Table of Contents
Linux Internals - This article is part of a series.
Part 3: This Article

Introduction
#

In the Linux Architecture post, we briefly covered the VFS (Virtual File System) and the inode structure. In this post, we go much deeper:

  • How does Linux actually store files and directories on a physical disk?
  • What is a journal and why does it prevent data corruption?
  • How does Linux’s approach compare to Windows NTFS?

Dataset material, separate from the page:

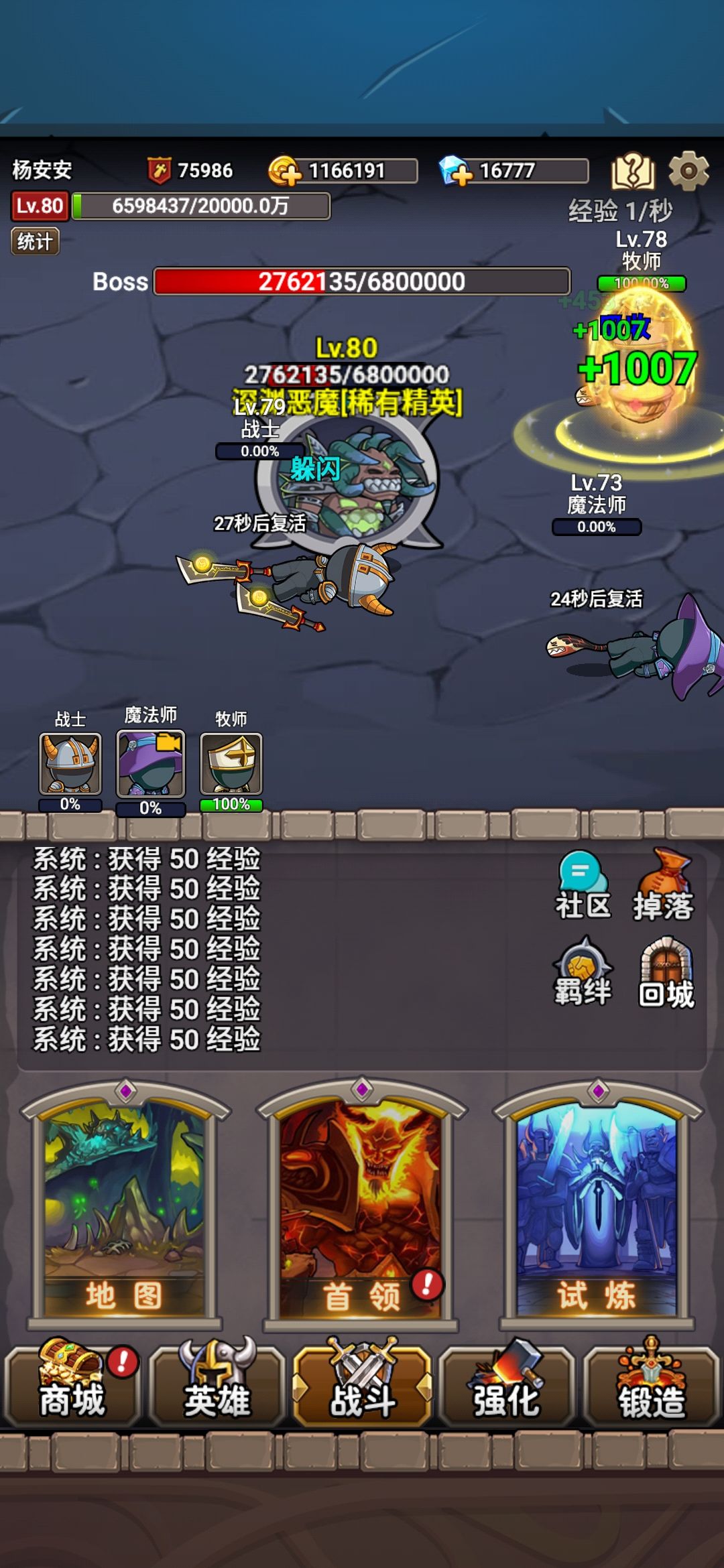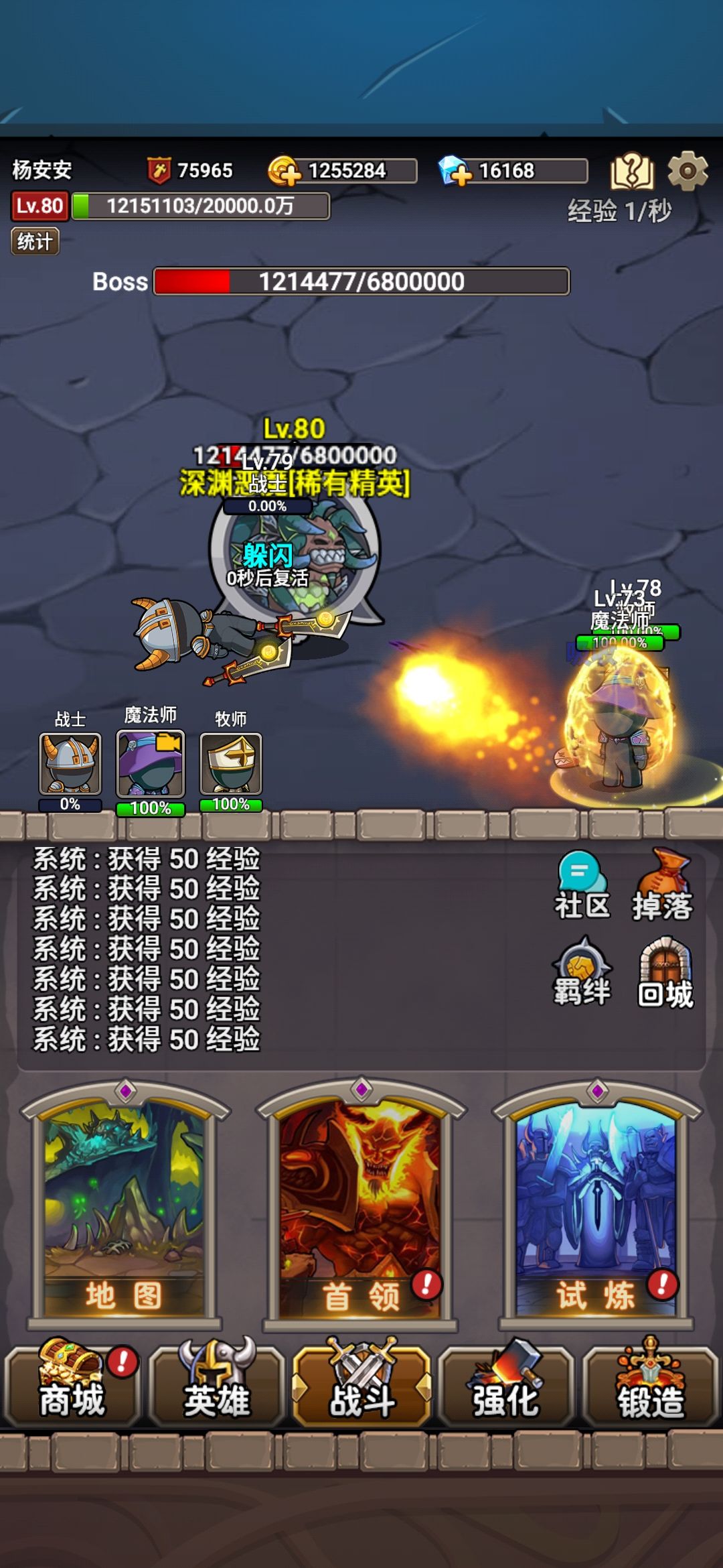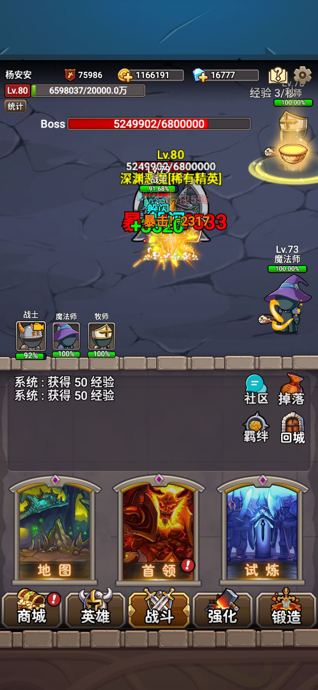 阵容方面这里选战士,法师,牧师。法师和牧师先站好位置,推荐BOSS右下角,先把BOSS打到快半血,然后把战士移开,等BOSS半血爆发一下,战士再跳过去刷出,放完技能就跑,这么循环就能很快打完,当然我们是懒人,能挂机过就行。等小怪死了就不管战士,牧师和法师就站BOSS右下角挂机就行,只要绿火打不到就可以安稳挂机。注意事项如果用神器吞噬者法杖,法师和牧师必须站一起,不然BOSS被恐惧乱跑,法师牧师被碰瓷了半天就白打了。

Whether you’re a developer, sysadmin, or embedded engineer, understanding file systems is essential — it affects performance, reliability, and how you design your storage strategy.


1. What Is a File System?
#

A file system is the data structure that organizes how data is stored, named, and retrieved on a storage device. Without a file system, a disk is just a sequence of raw bytes with no structure.

Without file system:
┌──────────────────────────────────────────────────────┐
│ 0100110101111010010101001010101011101010100101001010...│
│ (just raw bytes — no names, no structure, no meaning) │
└──────────────────────────────────────────────────────┘

With file system:
┌─────────────────────────────────────────────────────────┐
│ Superblock │ Group Descriptors │ Block Bitmap │ ...     │
│                                                          │
│  /home/user/hello.txt  →  inode 42  →  blocks 100, 101 │
│  /var/log/syslog       →  inode 78  →  blocks 200–210  │
│  /bin/bash             →  inode 15  →  blocks 50–80    │
└─────────────────────────────────────────────────────────┘

A file system must answer three questions:

  1. Where is the data physically stored? (block allocation)
  2. What metadata describes the data? (permissions, timestamps, size)
  3. How do we find data by name? (directory structure)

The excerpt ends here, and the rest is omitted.